Joseph Rudyard Kipling had been a sad and defiant little boy, especially after his parents left him and his younger sister, Trix, in a foster home in England. The parents dropped the children off without explaining that they would not be back for a while-six years. Their foster mother was a cold and pious woman named Mrs. Holloway who stitched a sign that said LIAR to Ruddy's jacket and forbade his reading fiction. The tiger's pounce?

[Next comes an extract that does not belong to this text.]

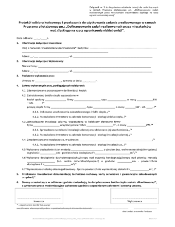 Załącznik nr 3 do Regulaminu udzielania dotacji dla osób fizycznych w ramach Programu pilotażowego pn.: „Dofinansowanie zadań realizowanych przez mieszkańców województwa śląskiego na rzecz ograniczenia niskiej emisji” Protokół odbioru końcowego i przekazania do użytkowania zadania zrealizowanego w ramach Programu pilotażowego pn.: „Dofinansowanie zadań realizowanych przez mieszkańców woj. śląskiego na rzecz ograniczenia niskiej emisji”. Data odbioru: __.__.____r. 1. Informacje dotyczące Inwestora: Imię i nazwisko właściciela/współwłaściciela* budynku: --------------------------------------------------------------------------___________________________________________________________ Adres: __-___ ____________________, ul. ______________________________________________________ 2. Informacje dotyczące Wykonawcy Nazwa firmy :_____________________________________________________________________________ Adres: __-___ ____________________, ul. ______________________________________________________ 3. Podstawa wykonania prac: Umowa nr __________________, zawarta w dniu: __.__.____r. 4. Zakres wykonanych prac, podlegających odbiorowi: 4.1. Zdemontowano przeznaczony do likwidacji kocioł: 4.2. Zainstalowano źródło ciepła wyposażone w: kocioł opalany ______________, firmy __________________ typu _____________ o mocy ___________kW – szt. _____ /* pompę ciepła firmy ________________________, typu _______________ o mocy _______kW - szt. ____, /* 4.2.1. Dokonano uruchomienia zainstalowanego źródło ciepła, /* 4.2.2. Przeszkolono Inwestora w zakresie konserwacji i obsługi źródła ciepła, /* 4.3.Zainstalowano instalację solarną, wyposażoną w kolektory słoneczne firmy ________________________ typu __________________ o łącznej powierzchni __________________m2, o mocy _____________kW /* 4.3.1. Sprawdzono szczelność instalacji solarnej oraz dokonano jej uruchomienia, /* 4.3.2. Przeszkolono Inwestora w zakresie konserwacji i obsługi instalacji solarnej, /* 4.4. Zmodernizowano instalację c.o. w zakresie: __________________________________________________/* 4.4.1. Przeszkolono Inwestora w zakresie konserwacji i obsługi instalacji c.o., /* 4.5.Wykonano docieplenie ścian metodą ______________________ z użyciem (np. wełny mineralnej/styropianu) o grubości ___________cm - powierzchnia docieplana F=________________________m2 /* 4.6.Wykonano docieplenie dachu/stropodachu/stropu nad ostatnią kondygnacją/stropu nad piwnicą metodą ___________________ (np. wełna mineralna/styropian) o grubości __________cm - powierzchnia docieplana F =__________________m2/* 4.7.Wymieniono stolarkę okienną/drzwiową - łączna powierzchnia wymienionej stolarki F=_____________m2, /* 5. Przekazano Inwestorowi dokumentację techniczno-ruchową, karty serwisowe i gwarancyjne zabudowanych urządzeń/*. 6. Strony uczestniczące w odbiorze zgodnie stwierdzają, że dotychczasowe źródło ciepła zostało zlikwidowane/*, a wykonane prace modernizacyjne wykonano zgodnie z uzgodnionym zakresem i zawartą umową. …………………………………………….………… Inwestor ………………………………………………………… Wykonawca * - niepotrzebne skreślić lub usunąć zweryfikowano własnoręczność podpisu na podstawie okazanych dokumentów tożsamości ………………………………………………………………… …………………………………….….. data i podpis pracownika Funduszu ZC:\Users\kblaszczok\appdata\Local\Temp\Temp1_wniosek_niska_emisja.zip\Protokół odbioru końcowego.doc Strona 1 z 1
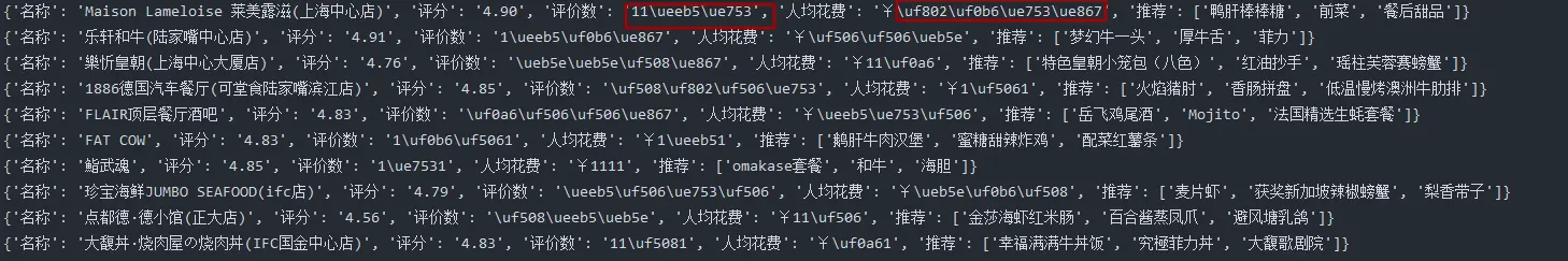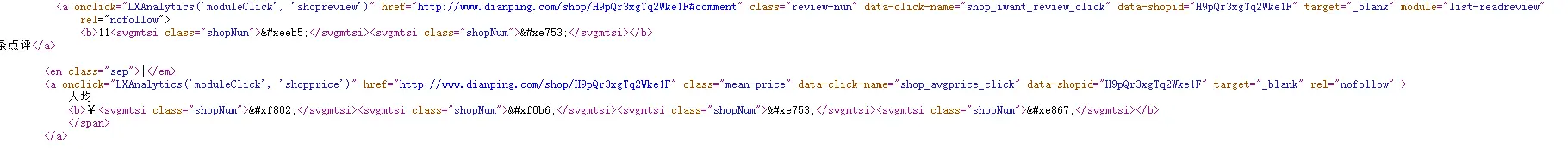 self.woff = { "\uf0b6": "0", # "": "1", "\uf802": "2", "\ueeb5": "3", "\ueb5e": "4", "\uf508": "5", "\ue867": "6", "\ue753": "7", "\uf0a6": "8", "\uf506": "9", } 不要正对着数据抄写,点评的字体svg经常改变。需要自己对应当时的情况写一下省下的就是直接处理数据和解析数据了。

Even though Helen's daughters had been left in the loving care of family members, she would have understood that nothing can quench the yearning for the beloved parent.
I skimmed the pages to get a chronology of Kipling's life, entertaining myself with thoughts of Helen and Rudyard having tea under the hot Rangoon sun. It was hard to imagine much more. My image of Kipling was of someone stodgy and monocled, rather like Teddy Roosevelt, while Helen in her photographs was tall, pleasantly homely, and board-thin. Call me unromantic, but I could not picture anything but friendship between them.
There had not been a whisper of him in her biography. Given all the illustrated letters she sent home, if they had met she surely would have sketched Kipling-what a treasure that letter would be! Of course, she had not started writing letters to her daughters until 1902 and her book had been published in 1899.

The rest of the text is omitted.